- DATA EXCERPT
----------------

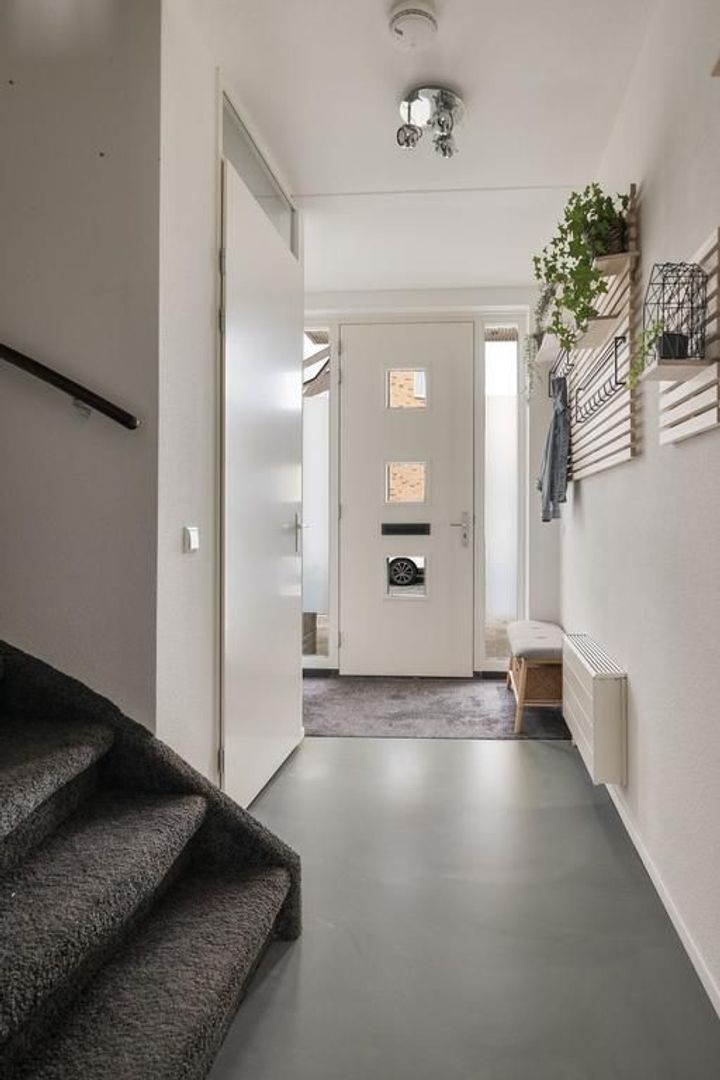 Entree, hal met recent vernieuwde meterkast, volledig betegeld toilet en trapopgang.
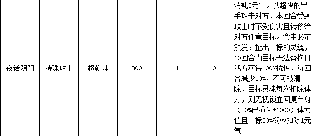 夜话阴阳:拉魂技,本回合转移伤害降低翻车概率,同时也可以代替灵魂亚比使用,减伤拉魂两不误,居家旅行(划掉)挑战boss最好有一个哦,还有这个技能算在属性技能范畴内哦
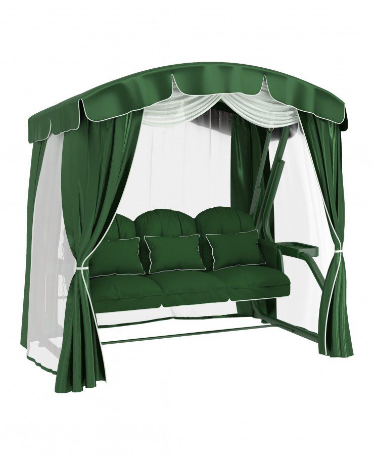 У нас вы можете купить комплект для садовых качелей Leset Пион. В данный комплект входит тент и москитная сетка, выполненная в приятном зелёном цвете. Комплект подойдёт для размеров качелей 245 х 150 х 185 см, предназначен комплект для того, чтобы сделать ваш отдых на свежем воздухе комфортнее и приятнее, а также защитить вас от ветра, солнца, дождя, а других неблагоприятных внешних воздействий. Комплект с лёгкостью надевается, москитную сетку при необходимости можно собрать по бокам для того, чтобы она не мешала в дневное время.

----------------

- TASK DESCRIPTION
For this exercise, transcribe the data exactly but without its pictures.

- TASK RESULT
 Entree, hal met recent vernieuwde meterkast, volledig betegeld toilet en trapopgang.
 夜话阴阳:拉魂技,本回合转移伤害降低翻车概率,同时也可以代替灵魂亚比使用,减伤拉魂两不误,居家旅行(划掉)挑战boss最好有一个哦,还有这个技能算在属性技能范畴内哦
 У нас вы можете купить комплект для садовых качелей Leset Пион. В данный комплект входит тент и москитная сетка, выполненная в приятном зелёном цвете. Комплект подойдёт для размеров качелей 245 х 150 х 185 см, предназначен комплект для того, чтобы сделать ваш отдых на свежем воздухе комфортнее и приятнее, а также защитить вас от ветра, солнца, дождя, а других неблагоприятных внешних воздействий. Комплект с лёгкостью надевается, москитную сетку при необходимости можно собрать по бокам для того, чтобы она не мешала в дневное время.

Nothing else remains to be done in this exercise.